## AIM OF THE EXERCISE
Transcribe the listing in full, excluding any pictures.

....

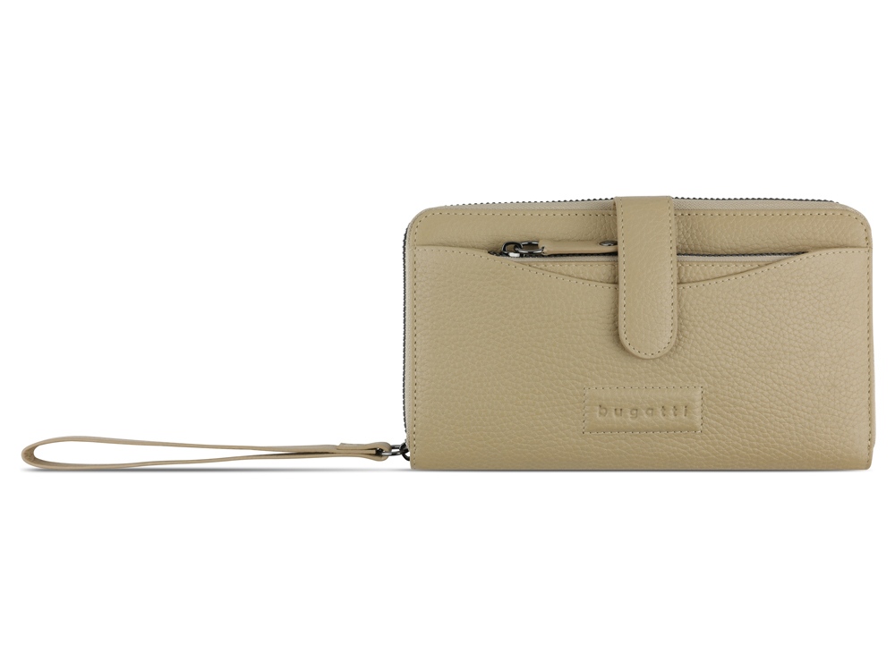 Функциональная организация: основное отделение на молнии, 12 слотов для карт, 3 кармана, 2 отделения для купюр, отделение для монет, съемная ключница, ремешок на запястье, защита данных RFID.
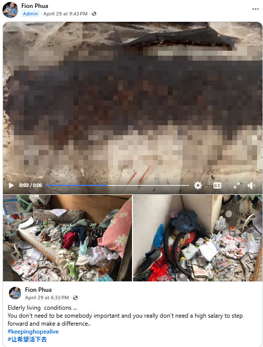 On 20 April, non-profit group Keeping Hope Alive visited Block 5 Banda Street and discovered the man’s one-room rental unit in appalling condition. The flat was overrun with clutter, cobwebs, rotting food and human waste.
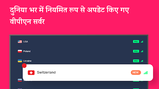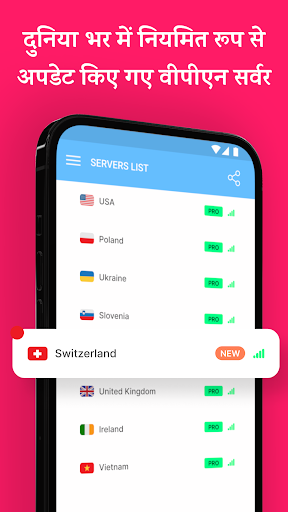 सर्वरों की सबसे बड़ी संख्या भारत में है, लेकिन ऐप में जर्मनी, फ्रांस, इंग्लैंड, नीदरलैंड, सिंगापुर जैसे दुनिया भर के सभी प्रमुख स्थानों में सर्वर भी हैं. PRO संस्करण में सभी प्रमुख देश और अधिक विदेशी स्थान जैसे मलेशिया, तुर्की, दक्षिण अफ्रीका, ब्राजील, स्पेन और कई अन्य शामिल हैं.
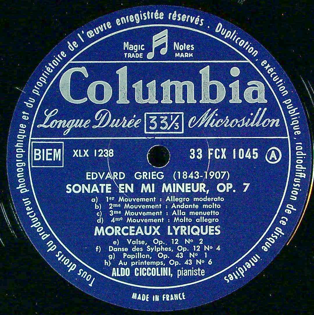 商品コード:1398-030[COLUMBIA] A.チッコリーニ(pf) / グリーグ:Pf作品集/PfソナタOp.7, 抒情小品集(抜粋7曲) 他
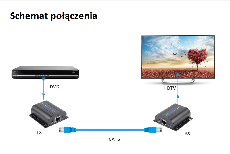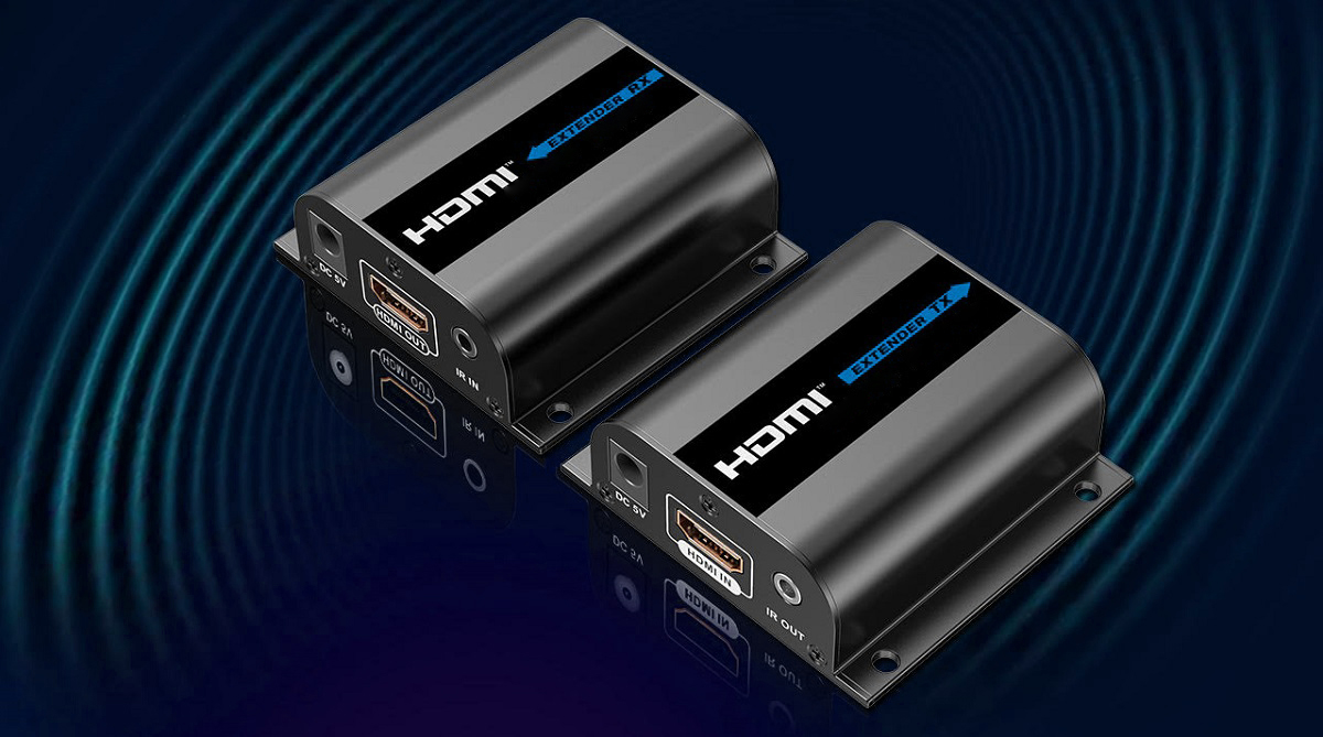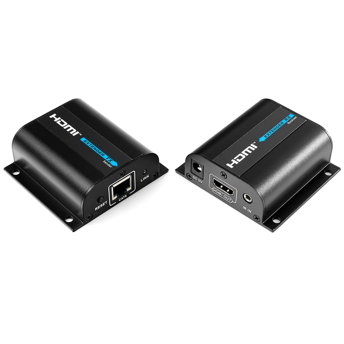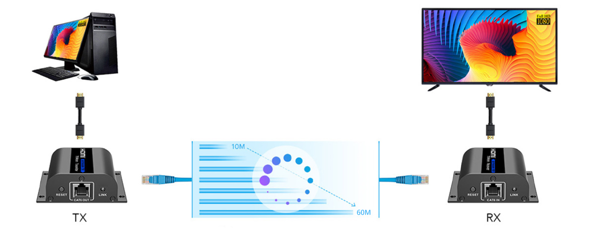 Spacetronik SPH-HLC6IRHDMI-Signalverlängerer . Das Gerät ermöglicht den Anschluss eines hochauflösenden (HD) Signals an einen Empfänger (TV, Monitor usw.), der mit einem HDMI-Anschluss ausgestattet ist, über ein CAT6- oder höherwertiges Twisted-Pair-Kabel. Das Set besteht aus einem Sender (TX) und einem Empfänger (RX). Ein weiterer Vorteil des Geräts ist die Übertragung von Fernbedienungsfunktionen über das mitgelieferte IR-Infrarot. Das Gerät überträgt ein 1080p HDMI-Signal über eine Entfernung von 60 Metern
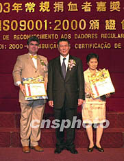 今日還同時(shí)舉行了澳門捐血中心獲得ISO九00一:二000質(zhì)量認(rèn)證頒證儀式,國(guó)家認(rèn)證認(rèn)可監(jiān)督管理委員會(huì)主任王鳳清專程前來頒發(fā)證書并致辭祝賀。
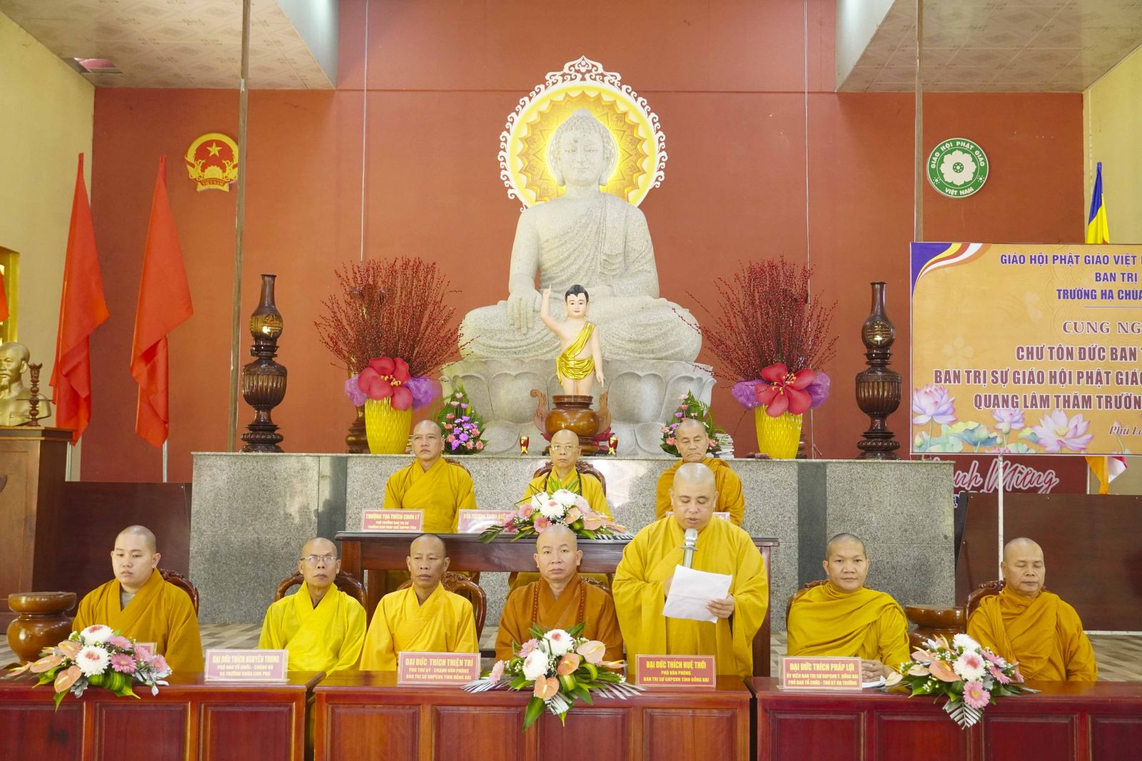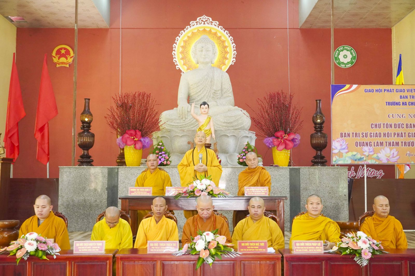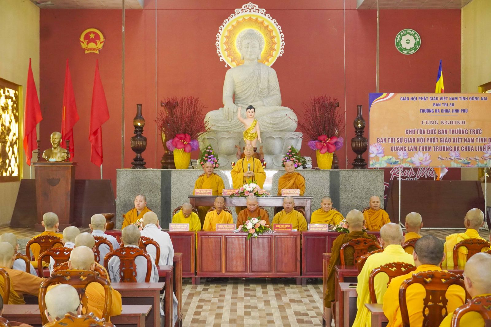 Tiếp đoàn đến thăm có HT. Thích Pháp Cần - Ủy viên Ban Trị sự GHPGVN tỉnh, Trưởng Ban Tổ chức, Thiền chủ kiêm Hóa chủ Hạ trường; ĐĐ. Thích Nguyên Trung – Phó Ban Tổ chức, Chánh na Hạ trường; NS. Thích nữ Hạnh Liên - Ủy viên Ban Trị sự GHPGVN tỉnh, Ủy viên Ban Tổ chức, Giáo thọ Hạ trường Ni; NS. Thích nữ Như Phương – Đặc trách Ni giới Hạ trường; cùng chư Tôn đức Ban Tổ chức, Tăng Ni hành giả An cư tại Hạ trường Chùa Linh Phú.
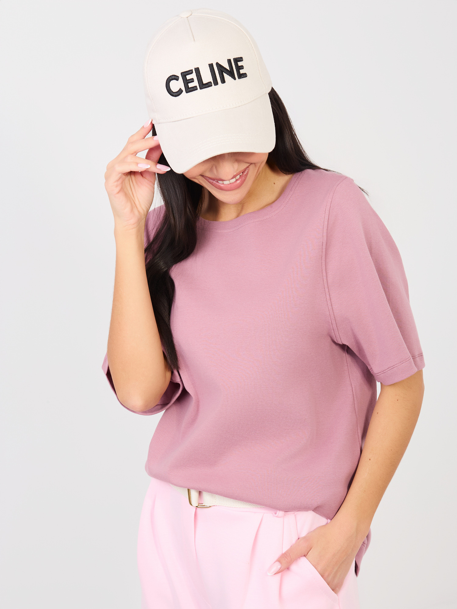Brudnoróżowy damski t-shirt basic z bawełny RUE PARIS .
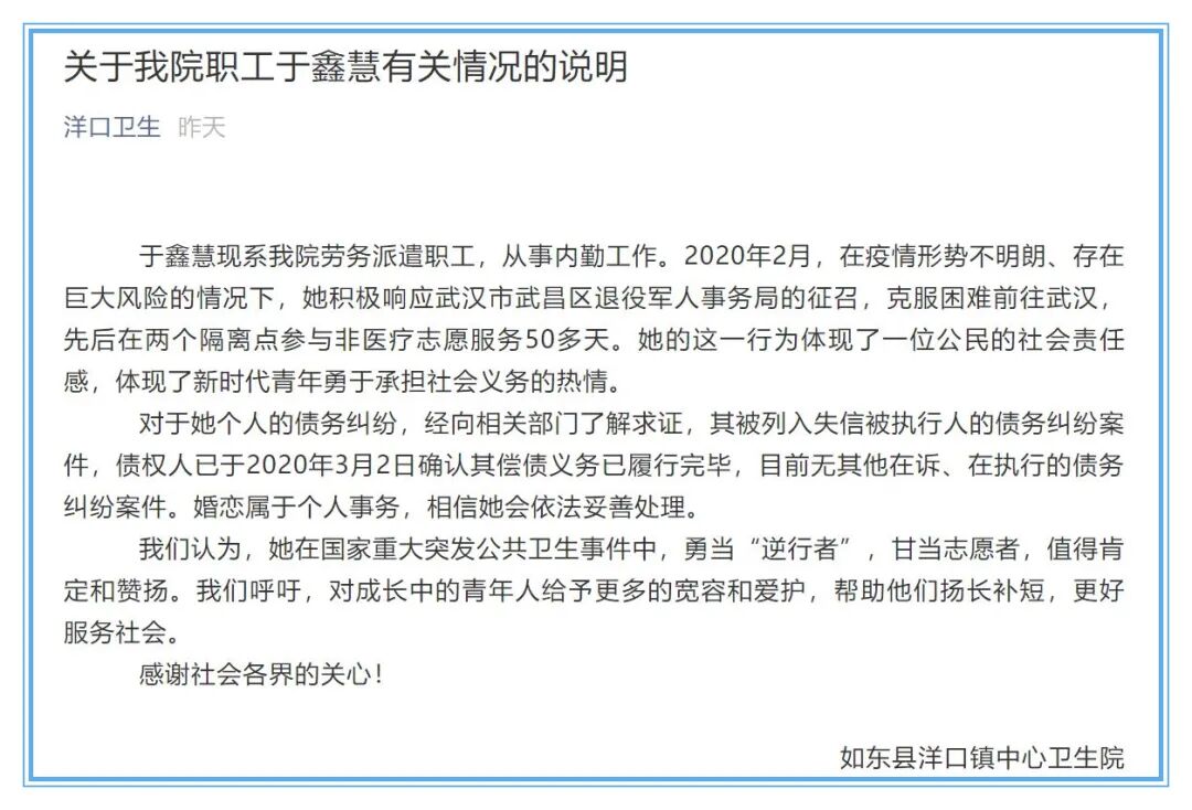 2020年10月,主动参加湖北抗疫并高调征婚的如东县洋口镇中心卫生院的劳务派遣职工于鑫慧,因婚恋问题处理不当全网“翻车”,遭全网抨击。这个负面影响可比含山“踹门查处补课”影响大多了。

....

## SOLVED PROBLEM
 Функциональная организация: основное отделение на молнии, 12 слотов для карт, 3 кармана, 2 отделения для купюр, отделение для монет, съемная ключница, ремешок на запястье, защита данных RFID.
 On 20 April, non-profit group Keeping Hope Alive visited Block 5 Banda Street and discovered the man’s one-room rental unit in appalling condition. The flat was overrun with clutter, cobwebs, rotting food and human waste.
 सर्वरों की सबसे बड़ी संख्या भारत में है, लेकिन ऐप में जर्मनी, फ्रांस, इंग्लैंड, नीदरलैंड, सिंगापुर जैसे दुनिया भर के सभी प्रमुख स्थानों में सर्वर भी हैं. PRO संस्करण में सभी प्रमुख देश और अधिक विदेशी स्थान जैसे मलेशिया, तुर्की, दक्षिण अफ्रीका, ब्राजील, स्पेन और कई अन्य शामिल हैं.
 商品コード:1398-030[COLUMBIA] A.チッコリーニ(pf) / グリーグ:Pf作品集/PfソナタOp.7, 抒情小品集(抜粋7曲) 他
 Spacetronik SPH-HLC6IRHDMI-Signalverlängerer . Das Gerät ermöglicht den Anschluss eines hochauflösenden (HD) Signals an einen Empfänger (TV, Monitor usw.), der mit einem HDMI-Anschluss ausgestattet ist, über ein CAT6- oder höherwertiges Twisted-Pair-Kabel. Das Set besteht aus einem Sender (TX) und einem Empfänger (RX). Ein weiterer Vorteil des Geräts ist die Übertragung von Fernbedienungsfunktionen über das mitgelieferte IR-Infrarot. Das Gerät überträgt ein 1080p HDMI-Signal über eine Entfernung von 60 Metern
 今日還同時(shí)舉行了澳門捐血中心獲得ISO九00一:二000質(zhì)量認(rèn)證頒證儀式,國(guó)家認(rèn)證認(rèn)可監(jiān)督管理委員會(huì)主任王鳳清專程前來頒發(fā)證書并致辭祝賀。
 Tiếp đoàn đến thăm có HT. Thích Pháp Cần - Ủy viên Ban Trị sự GHPGVN tỉnh, Trưởng Ban Tổ chức, Thiền chủ kiêm Hóa chủ Hạ trường; ĐĐ. Thích Nguyên Trung – Phó Ban Tổ chức, Chánh na Hạ trường; NS. Thích nữ Hạnh Liên - Ủy viên Ban Trị sự GHPGVN tỉnh, Ủy viên Ban Tổ chức, Giáo thọ Hạ trường Ni; NS. Thích nữ Như Phương – Đặc trách Ni giới Hạ trường; cùng chư Tôn đức Ban Tổ chức, Tăng Ni hành giả An cư tại Hạ trường Chùa Linh Phú.
Brudnoróżowy damski t-shirt basic z bawełny RUE PARIS .
 2020年10月,主动参加湖北抗疫并高调征婚的如东县洋口镇中心卫生院的劳务派遣职工于鑫慧,因婚恋问题处理不当全网“翻车”,遭全网抨击。这个负面影响可比含山“踹门查处补课”影响大多了。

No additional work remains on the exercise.